Roy Harris: Have you ever had a director tell you something and you felt that you just couldn't do it?
Robert Sean Leonard: Couldn't from myself?
Roy Harris: Yes.
Robert Sean Leonard: Well, no, because the minute someone asks something of me, my first reaction is, "God dammit, I can do this. I can do whatever they want." You know, to me the author's intentions are God, and the director the channel for those intentions. The very idea of not being able to do something a director asks, or being averse to it, is upsetting to me.
Roy Harris: Have you ever been in a situation where some or all of the actors didn't trust a director? How do you deal with that?
Robert Sean Leonard: Good question. Well, if a director can't give you an answer for why he wants you to do something a certain way, then you shouldn't trust him. If I initially don't trust a director, I try to find out why I don't. Maybe it's me. But if he can't give you an answer, you can't get bitter. You have to rely solely on yourself, or on yourself and who you're playing with. You do the best you can and hope for a short run.
Roy Harris: What director would you most like to work with?
Robert Sean Leonard: Mark Lamos.
Roy Harris: Why?
Robert Sean Leonard: In everything of his I've seen I always witness such clarity and devotion to the author's intent, even if it's complex, as in Hamlet or The Master Builder.
Roy Harris: For someone your age, you've had a chance to play some very good roles. What's been the most challenging role so far?
Robert Sean Leonard: Romeo. I think I misunderstood him the whole time I was playing it.
Roy Harris: Oh, Bobby, everybody who plays him feels that, don't they?
Robert Sean Leonard: Probably. When I took the role, I thought, I'm going to make him honorable, which I think he is. Most people feel he's a sap. My mistake was making him that way from the beginning.
Roy Harris: What do you mean?
Robert Sean Leonard: A friend of mine said late in the run that that first scene is not about a man who knows love. It's about a kid who thinks he knows what love is. Then he meets Juliet. He said, you should make us puke in the aisles when you tell Benvolio what you think love is. And he's right. From the moment I walked on stage, boy, did I play passion. All through the Rosaline stuff with Benvolio, it was passion. Consequently, when I met Juliet, I just didn't have anywhere to go. It was like starting with a nine and getting to a ten.
Roy Harris: But you seemed to have a good time working on it.
Robert Sean Leonard: Well, I learned from it. You need to see his feeling about Rosaline in order to really appreciate the great feeling he comes to have about Juliet. I didn't look at it intelligently enough. I didn't realize the simplicity of: he doesn't know what he's doing and then he does know what he's doing.
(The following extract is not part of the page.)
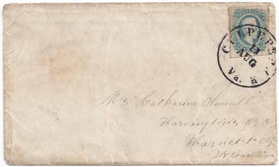 CSA #11a (AD) Milky Blue (4-Margin) tied by a bold strike of the Culpeper CH, Va CDS 11 AUG. Addressed to Mrs. Catherine Small, Harrington PO, Harnett Cty, N. Carolina. Very clean cover.

It's also our job as Romeo to convince the audience that once he's in love with Juliet-and some people would scream at this-it's worth dying for. With all the mistakes I made, it was a great experience.
Roy Harris: Ten years from now you can do it again and think what that will be like.
Robert Sean Leonard: I'll have a whole new series of questions about it. That's why acting is so phenomenal. You can't ever be good enough.
Roy Harris: Does there come a point for you in rehearsals, or probably in performance somewhere, where you think you got it?
Robert Sean Leonard: No. There are points where I feel I've gotten something. I've never given a perfect performance. I wonder who has?
Roy Harris: Well, if they think they have...
Robert Sean Leonard: I don't want to talk to them.
Roy Harris: Me either. Have you ever been praised by a friend for a performance that you thought was bad, or certainly not adequate?
Robert Sean Leonard: Sure.
Roy Harris: How do you deal with that? How does it affect you?
Robert Sean Leonard: Well, you're praised very often for things that you don't deserve to be praised for. But you learn pretty quickly who does that and who doesn't. So I guess you learn who to listen to. How do you deal with it? I get very indignant. I go home and I say, 'Well, they're wrong.' When I was filming Dead Poets Society, I noticed that Peter Weir (the director)-as soon as he'd say, "Cut"-would look to John Seal (the cinematographer) first. As soon as the play is done, I consider myself a cinematographer; I check with myself. Then I check with the director. A friend may be right in saying something I did was false, but I have to go by what the director is asking for. So, it's complicated when friends say things. Very complicated. It's very sacred between you and the director, and frankly, people need to honor that.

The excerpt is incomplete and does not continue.